Current metrics aren’t achieving what we need as an industry from a climate perspective, where reviews of buildings are focused on energy consumption, short-term goals or maintenance basis. Clients and owners will often choose the option that is assumed to be lower cost for buildings without considering why the cost seems so much lower. There is a need to examine and communicate cost-benefit ratios on a broader scale. Metrics more broadly focusing on the cost of replacement materials, the value of embodied energy, the use of mass masonry and thermal resistance, and the environmental and monetary analysis of maintaining existing buildings should be explored.
Currently, Canada is the only G7 nation without federal laws in place to protect existing building stock, and federal policies and tax systems often encourage demolition of existing structures rather than incentivizing the reuse of buildings. We are please to see a national organization, like CAHP, continue the conversation at a national level, instead of working within the silos of provincial governments.
Working on more projects where deconstruction, salvage, recycling and reuse are encouraged, could help change opinions about the importance of recycling materials and the cost of demolition.
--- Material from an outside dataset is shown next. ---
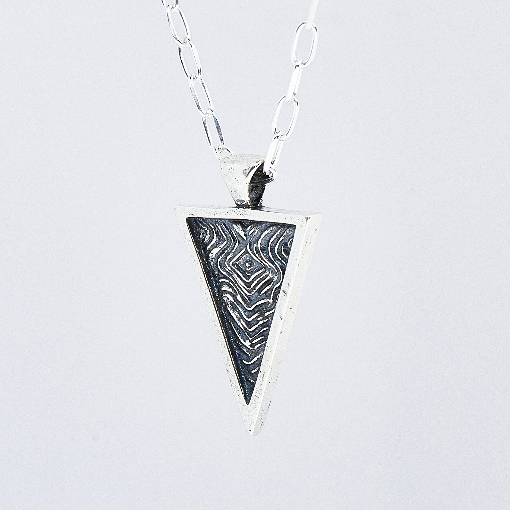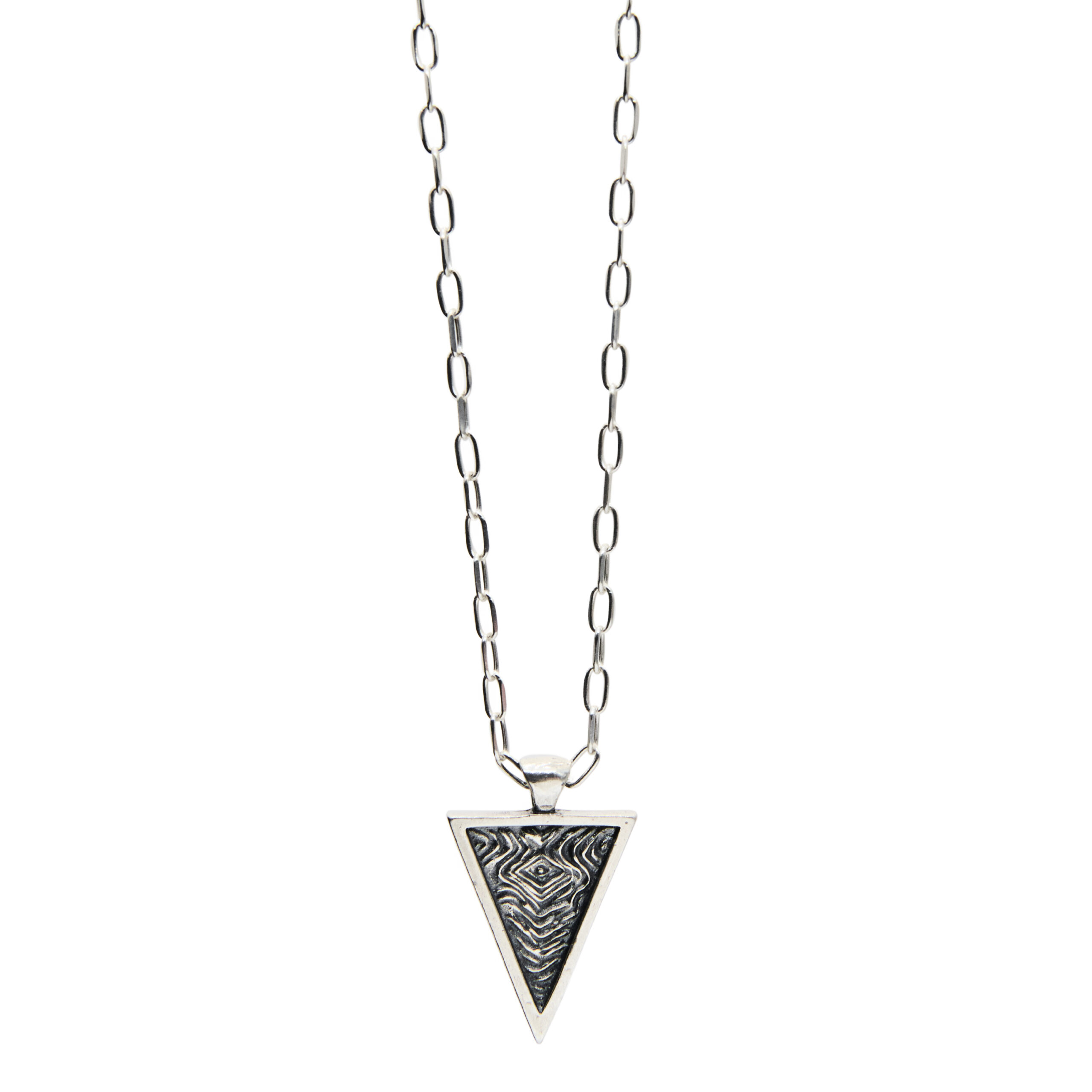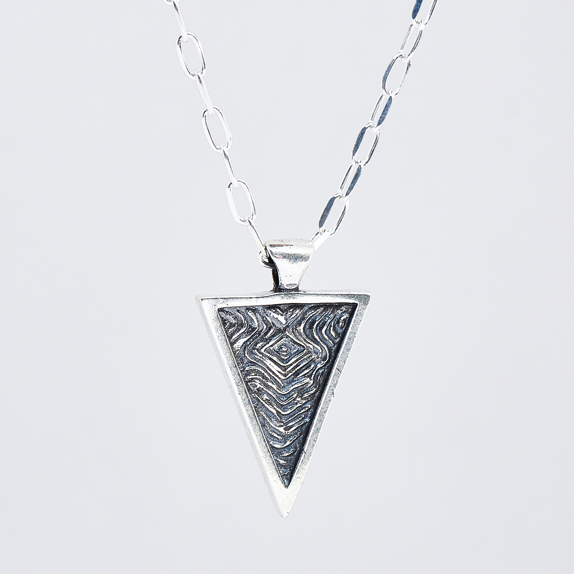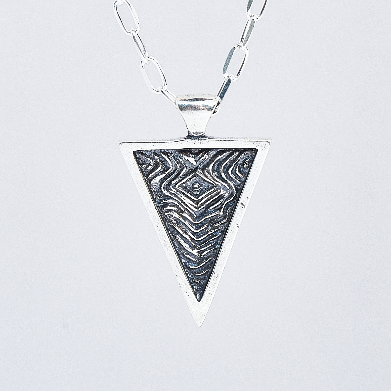 The pendant in the Bermuda necklace is in the shape of a triangle, which emits a wave inside, and has the inscription YUMREY engraved on the back.
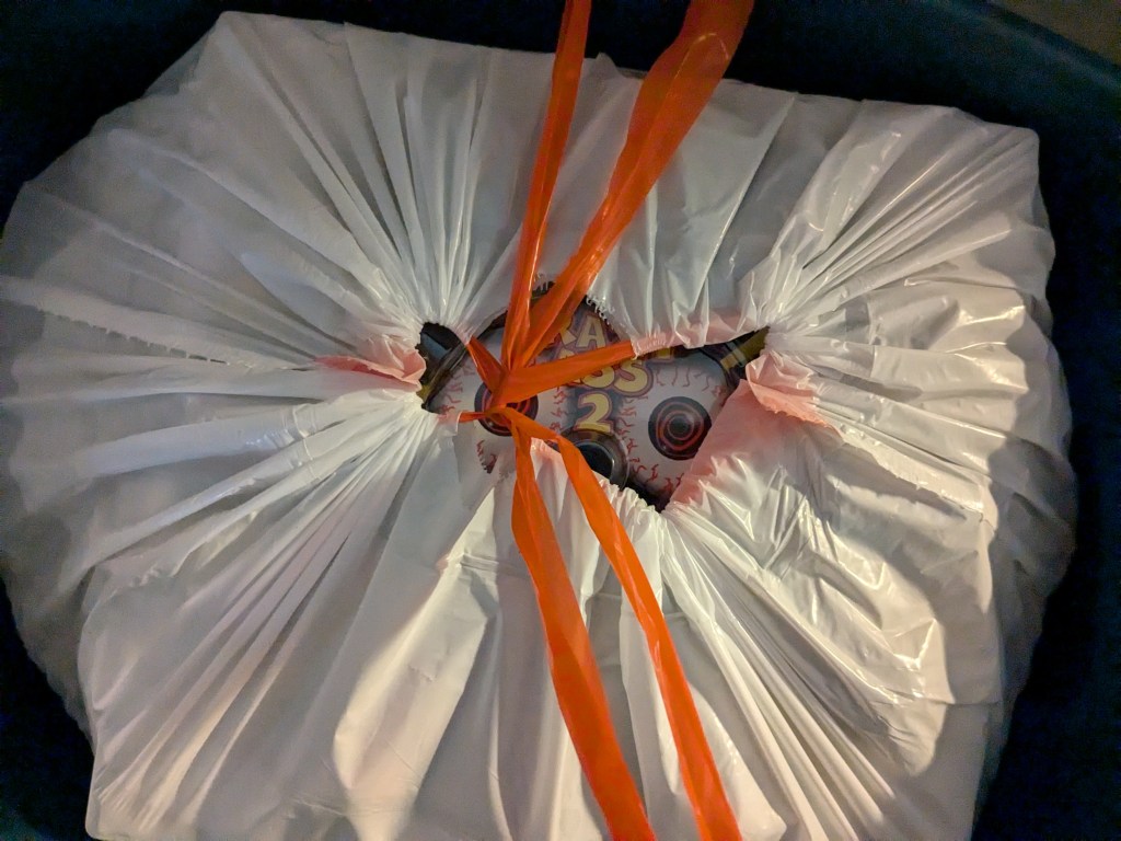 Throwing away this old hot sauce sample thing and the way these creepy eyes looked at me:

While development inevitably involves some form of material waste, this waste could take form of a sustainably managed building recycling and salvaging sector, all while creating jobs.
Doing our Part: OSCAR
MTBA staff have been actively involved in the Association for Preservation Technology (APT) Technical Committee on Sustainable Preservation since it formed in 2005. Since 2015, MTBA has partnered with APT and Carleton University to support 5 graduate student internships to conduct applied research in sustainable rehabilitation including contributing to OSCAR, the “Online Sustainable Conservation Assistance Resource”. This interactive technical resource (co-chaired by MTBA staff) is intended to help establish a clear decision-making process for the sustainable understanding and treatment of existing and heritage buildings.
Echoing the conclusions of the CAHP report, conserving existing buildings is a useful tool which can meaningfully contribute to reaching climate and sustainability goals. CAHP members are experts in encouraging building reuse, as well as the associated knowledges and practices required for adaptation, renovation, conservation, restoration, and the recycling of resources. It is therefore our responsibility to provide valuable and practical solutions to normalize building reuse and improving sustainable practices for the building sector moving forward.